⟨

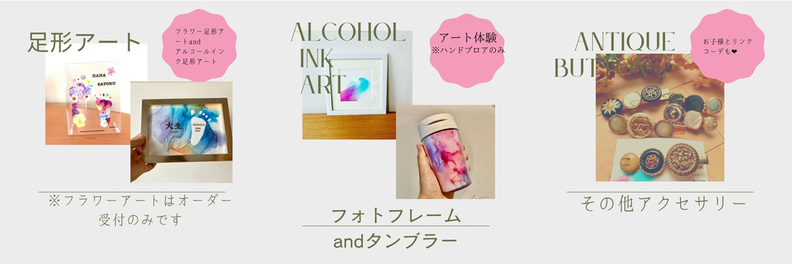アルコールインクアートや押し花を使った赤ちゃんの足形アートをメインに活動。
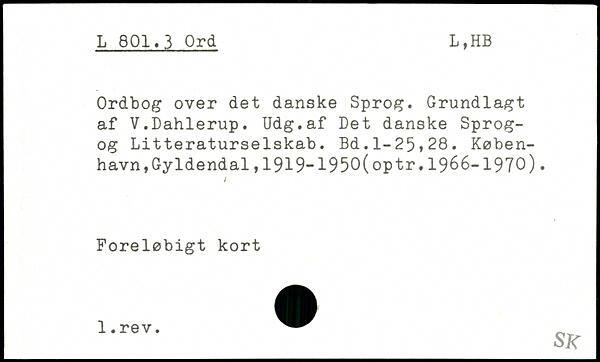Ordbog over det danske Sprog. Grundlagt af V.Dahlerup. Udg.af Det danske Sprog-og Litteraturselskab.
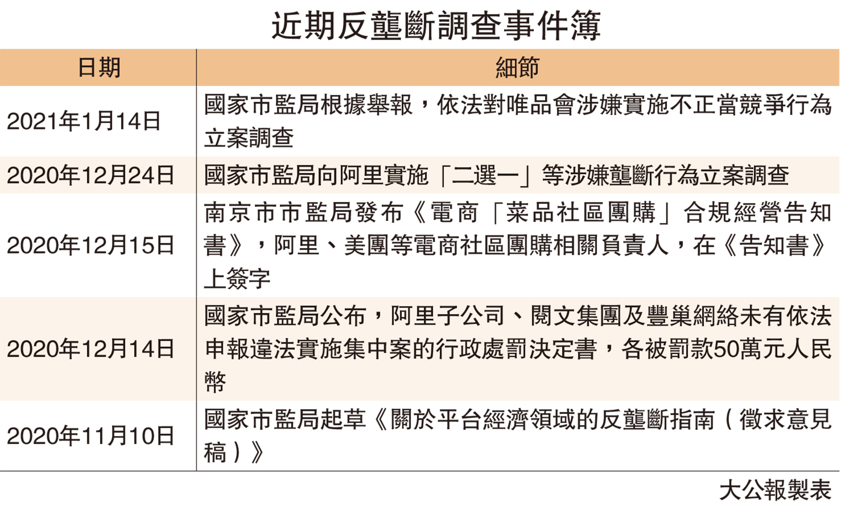 國家市場監管總局去年在「雙11」前夕,起草《關於平台經濟領域的反壟斷指南(徵求意見稿)》,隨後對阿里子公司、騰訊旗下閱文(00772),以及順豐(002352.SZ)為大股東的豐巢網絡,以未依法進行經營者集中申報,各罰款50萬元(人民幣,下同)。
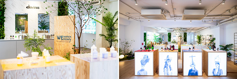 다비네스 팝업 매장은 다양한 인증샷을 남길 수 있는 포토존, 브랜드의 전체 라인을 모두 만나볼 수 있는 디스플레이존, 제품을 직접 사용해볼 수 있는 체험존, ‘지속 가능한 아름다움’ 캠페인존 등으로 구성됐다 대부분의 집기는 브랜드의 철학을 반영해 재활용 소재를 적극 활용했으며, 다 쓴 다비네스 공병을 활용한 화분으로 꾸며진 미니 가든 등 자연을 모티브로 한 소재들을 곳곳에서 만나볼 수 있다.
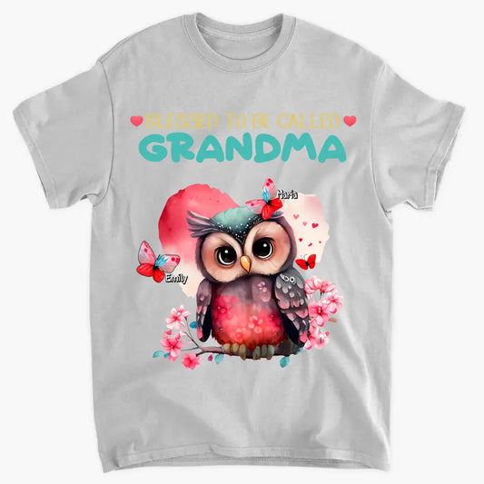 Personalized apparel "Blessed to be called Grandma Owl Butterfly" with child's name printed on it
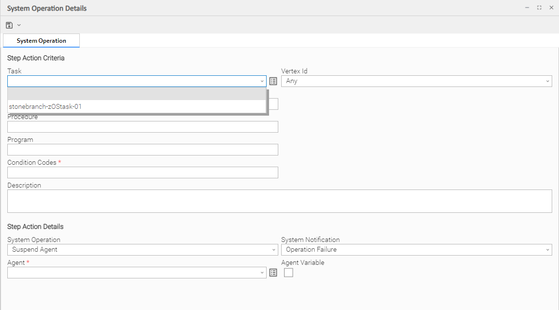 Every z/OS task is comprised of one or more steps. Each step in a z/OS task ends in a step condition code. System Operation step actions optionally let you send system notifications based on the outcome of each step action with options for None, Operation Failure, Operation Success/Failure, and Operation Success.
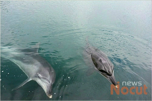 지난해 7월 18일 제주시 구좌읍 김녕리 앞바다로 방류된 남방큰돌고래 제돌이와 춘삼이 (사진=제돌이방류시민위원회 제공)
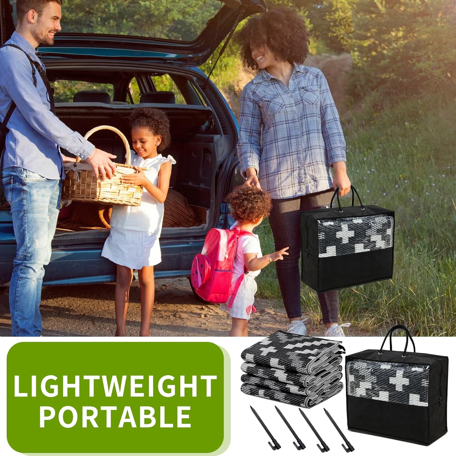 - Effortless Portability for On-The-Go Comfort :Say goodbye to bulky, hard-to-carry rugs. Our rugs lightweight design folds easily and comes with a convenient storage bag and sturdy handles, making transportation a breeze. Whether you're heading to a beach picnic, an open-air concert, or a spontaneous camping trip, our outdoor rug is your go-to for comfortable seating anywhere you choose to relax. Embrace the ease of taking comfort with you, wherever you roam
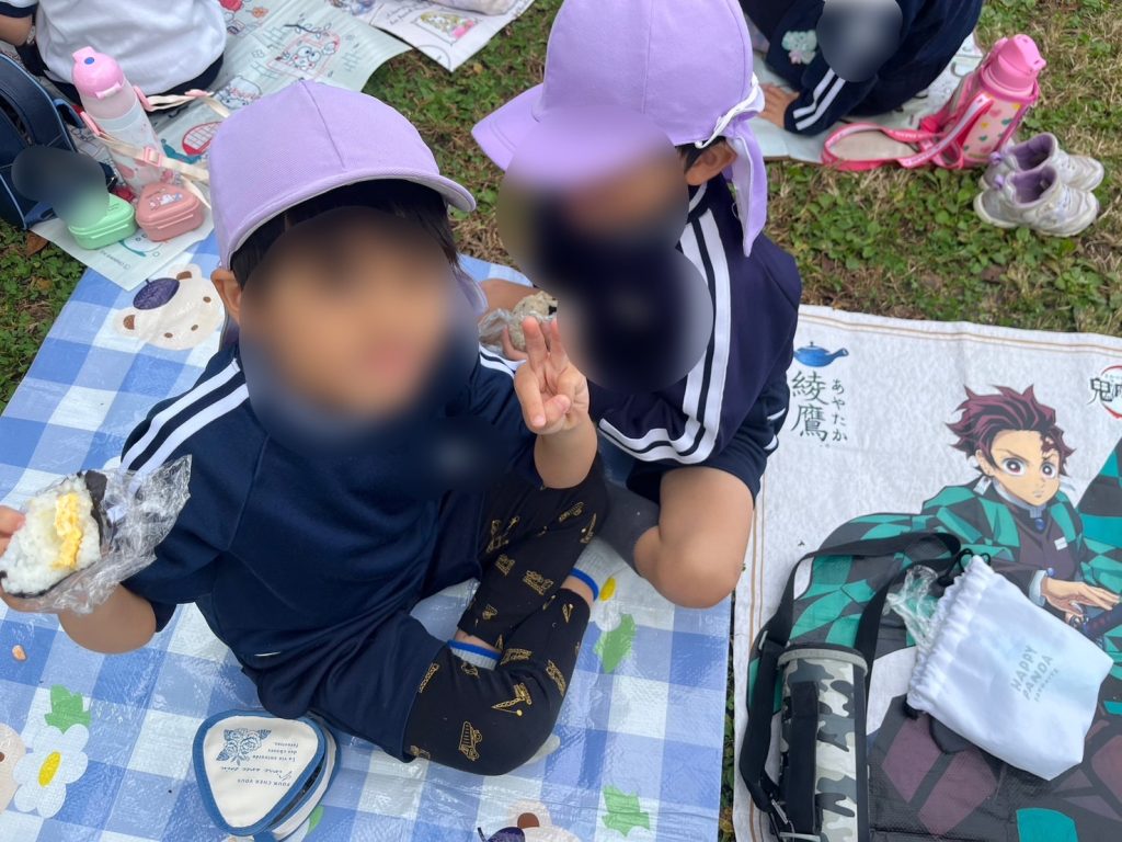 芝生でおにぎりを食べて沢山遊んで帰りました🎵
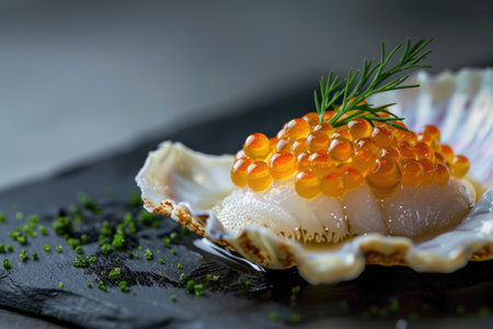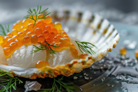 Yellow Caviar Half Shell Gourmet Dish Luxury Food
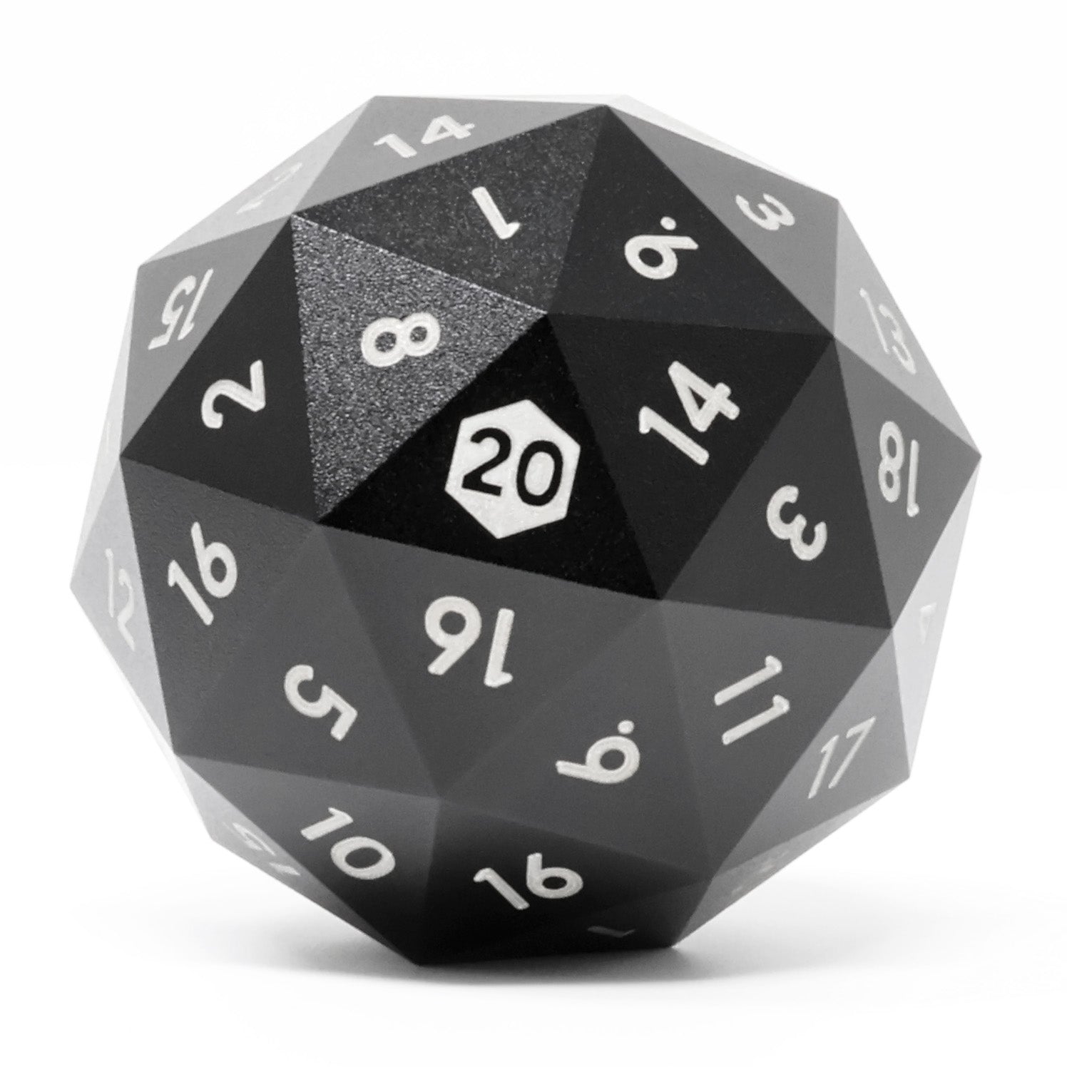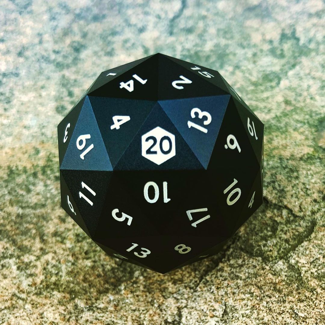 I invented the 60-sided d20 because I wanted a giant 60-sided metal die that I could use all the time! Works just like any d20: since each number 1-20 appears on three faces, every number has a 1 in 20 chance of being rolled (3/60 = 1/20). The Flying Horseduck 60-sided d20 is solid aluminum, cool to the touch, and rolls beautifully. This metal die is more satisfying to roll than other giant d20s and is sure to be your new favorite d20!

⟩

DIRECTIONS: Omit the pictures and write out exactly the lines from the one containing "printed on it" through the last line of the material.

SOLUTION TO THIS EXERCISE:
 Personalized apparel "Blessed to be called Grandma Owl Butterfly" with child's name printed on it
 Every z/OS task is comprised of one or more steps. Each step in a z/OS task ends in a step condition code. System Operation step actions optionally let you send system notifications based on the outcome of each step action with options for None, Operation Failure, Operation Success/Failure, and Operation Success.
 지난해 7월 18일 제주시 구좌읍 김녕리 앞바다로 방류된 남방큰돌고래 제돌이와 춘삼이 (사진=제돌이방류시민위원회 제공)
 - Effortless Portability for On-The-Go Comfort :Say goodbye to bulky, hard-to-carry rugs. Our rugs lightweight design folds easily and comes with a convenient storage bag and sturdy handles, making transportation a breeze. Whether you're heading to a beach picnic, an open-air concert, or a spontaneous camping trip, our outdoor rug is your go-to for comfortable seating anywhere you choose to relax. Embrace the ease of taking comfort with you, wherever you roam
 芝生でおにぎりを食べて沢山遊んで帰りました🎵
 Yellow Caviar Half Shell Gourmet Dish Luxury Food
 I invented the 60-sided d20 because I wanted a giant 60-sided metal die that I could use all the time! Works just like any d20: since each number 1-20 appears on three faces, every number has a 1 in 20 chance of being rolled (3/60 = 1/20). The Flying Horseduck 60-sided d20 is solid aluminum, cool to the touch, and rolls beautifully. This metal die is more satisfying to roll than other giant d20s and is sure to be your new favorite d20!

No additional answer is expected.